Several different research questions were potentially of interest to the psychologists. The first research question was whether the treatment had a beneficial effect on state anxiety in the 1-week period prior to an exam. This question was analysed using the 2 averaged state anxiety measures from each subject.
(i) The psychologist called John was not interested in the differences in the results from the two anxiety measures (A and B). Obviously John could average the two state anxiety measures into a single measure and carry out an appropriate analysis of variance. Other than doing this, there are two other simple ways John could use analysis of variance to address the first research question. Explain in detail the pros and cons of these two analytic approaches, including any differences in their underlying assumptions? What advantages and disadvantages might each have over the simple averaging method? (20 marks)

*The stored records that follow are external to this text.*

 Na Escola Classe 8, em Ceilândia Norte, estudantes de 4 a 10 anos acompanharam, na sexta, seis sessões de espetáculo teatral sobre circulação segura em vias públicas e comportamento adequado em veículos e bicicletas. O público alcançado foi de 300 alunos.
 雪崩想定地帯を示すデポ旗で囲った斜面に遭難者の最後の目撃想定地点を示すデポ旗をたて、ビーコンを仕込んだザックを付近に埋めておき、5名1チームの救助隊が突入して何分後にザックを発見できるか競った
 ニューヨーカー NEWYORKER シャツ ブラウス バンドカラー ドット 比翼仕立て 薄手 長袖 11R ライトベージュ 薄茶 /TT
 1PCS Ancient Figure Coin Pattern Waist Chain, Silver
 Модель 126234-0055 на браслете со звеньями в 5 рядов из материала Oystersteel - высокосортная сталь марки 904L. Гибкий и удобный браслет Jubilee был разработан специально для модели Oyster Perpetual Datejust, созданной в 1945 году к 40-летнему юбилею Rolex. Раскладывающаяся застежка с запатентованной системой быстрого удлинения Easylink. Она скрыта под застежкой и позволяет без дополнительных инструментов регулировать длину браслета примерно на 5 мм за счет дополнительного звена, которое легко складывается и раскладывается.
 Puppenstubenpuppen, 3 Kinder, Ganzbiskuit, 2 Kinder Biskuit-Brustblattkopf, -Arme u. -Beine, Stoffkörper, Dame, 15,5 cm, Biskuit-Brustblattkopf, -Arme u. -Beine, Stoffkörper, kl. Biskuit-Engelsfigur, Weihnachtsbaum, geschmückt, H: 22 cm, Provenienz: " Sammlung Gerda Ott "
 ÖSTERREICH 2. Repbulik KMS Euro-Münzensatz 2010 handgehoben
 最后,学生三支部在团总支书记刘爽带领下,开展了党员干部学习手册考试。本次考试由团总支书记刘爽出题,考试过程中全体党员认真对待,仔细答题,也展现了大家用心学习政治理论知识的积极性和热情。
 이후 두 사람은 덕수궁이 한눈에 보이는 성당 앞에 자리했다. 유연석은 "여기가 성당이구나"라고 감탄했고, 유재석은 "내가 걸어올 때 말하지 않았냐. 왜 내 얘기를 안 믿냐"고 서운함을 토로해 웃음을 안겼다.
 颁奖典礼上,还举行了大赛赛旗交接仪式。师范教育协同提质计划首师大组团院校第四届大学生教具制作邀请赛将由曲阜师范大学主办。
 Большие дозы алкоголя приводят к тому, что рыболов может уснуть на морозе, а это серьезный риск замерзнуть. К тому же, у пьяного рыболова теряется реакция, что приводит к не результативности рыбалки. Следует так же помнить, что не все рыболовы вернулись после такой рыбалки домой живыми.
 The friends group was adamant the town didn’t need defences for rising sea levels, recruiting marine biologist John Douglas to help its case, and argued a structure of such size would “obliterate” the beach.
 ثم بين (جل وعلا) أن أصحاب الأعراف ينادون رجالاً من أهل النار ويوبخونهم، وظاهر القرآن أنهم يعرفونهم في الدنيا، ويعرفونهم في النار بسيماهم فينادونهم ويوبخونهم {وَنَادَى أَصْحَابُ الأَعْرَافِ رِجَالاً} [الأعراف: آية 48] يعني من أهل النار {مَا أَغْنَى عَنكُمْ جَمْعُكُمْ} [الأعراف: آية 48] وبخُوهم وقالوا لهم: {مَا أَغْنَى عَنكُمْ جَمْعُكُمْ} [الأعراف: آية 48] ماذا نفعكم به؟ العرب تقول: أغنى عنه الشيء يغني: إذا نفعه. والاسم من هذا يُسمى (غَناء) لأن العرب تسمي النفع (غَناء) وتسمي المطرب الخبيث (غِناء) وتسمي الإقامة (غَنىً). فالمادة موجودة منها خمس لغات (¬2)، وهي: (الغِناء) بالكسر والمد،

(ii) The psychologist called Janet was more interested in whether the effects of the anxiety management training were different for the physical aspects of anxiety (more strongly measured by checklist A than by B) or for the cognitive aspects of anxiety (more strongly measured by checklist B than by A). In this case, explain what type of analysis of variance approach she should use and say which of the statistical results would be most critical in answering her question? (10 marks)
The second research question concerned the effects of time until the exam, and was addressed using the A and B anxiety measures taken at each time point.
(iii) If John were interested in whether the effect of the anxiety management training on state anxiety varied as a function of the time before the exam, how might he extend each of the analytic methods, described in answer to (i), to investigate this secondary question? (10 marks)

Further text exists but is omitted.